I am also curious on this question. Say your use case is to store
10PBytes of data in a new server room / data-center with new equipment,
what makes the most sense? If your database is primarily write with
little read, I think you'd want to maximize disk space per rack space.
So you may opt for a 2u server with 24 3.5" disks at 16TBytes each for a
node with 384TBytes of disk - so ~27 servers for 10PBytes.

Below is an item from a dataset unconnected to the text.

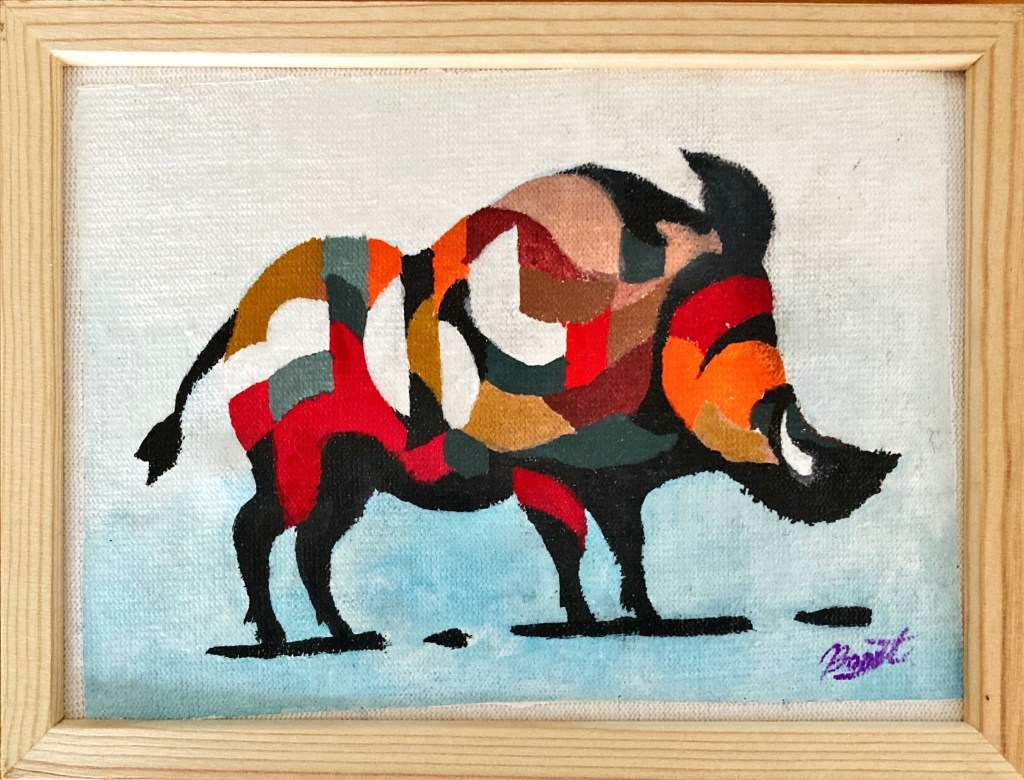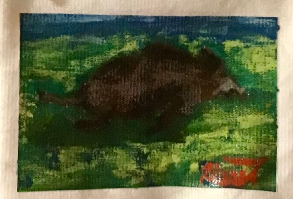 色と形が交錯するこの猪は、単なる動物ではなく、季節の境界を駆け抜ける象徴的存在。 秋の始まりに、私たちの内なる衝動と、土地に宿る記憶が交差する瞬間を捉えている。

Cassandra doesn't seem to be the good choice for that configuration; the
rule of thumb that I'm hearing is ~2Tbytes per node, in which case we'd
need over 5000 servers. This seems really unreasonable.
-Joe
On 4/8/2021 9:56 AM, Lapo Luchini wrote:
Hi, one project I wrote is using Cassandra to back the huge amount of
data it needs (data is written only once and read very rarely, but
needs to be accessible for years, so the storage needs become huge in
time and I chose Cassandra mainly for its horizontal scalability
regarding disk size) and a client of mine needs to install that on his
hosts.
Problem is, while I usually use a cluster of 6 "smallish" nodes (which
can grow in time), he only has big ESX servers with huge disk space
(which is already RAID-6 redundant) but wouldn't have the possibility
to have 3+ nodes per DC.
This is out of my usual experience with Cassandra and, as far as I
read around, out of most use-cases found on the website or this
mailing list, so the question is:
does it make sense to use Cassandra with a big (let's talk 6TB today,
up to 20TB in a few years) single-node DataCenter, and another
single-node DataCenter (to act as disaster recovery)?
Thanks in advance for any suggestion or comment!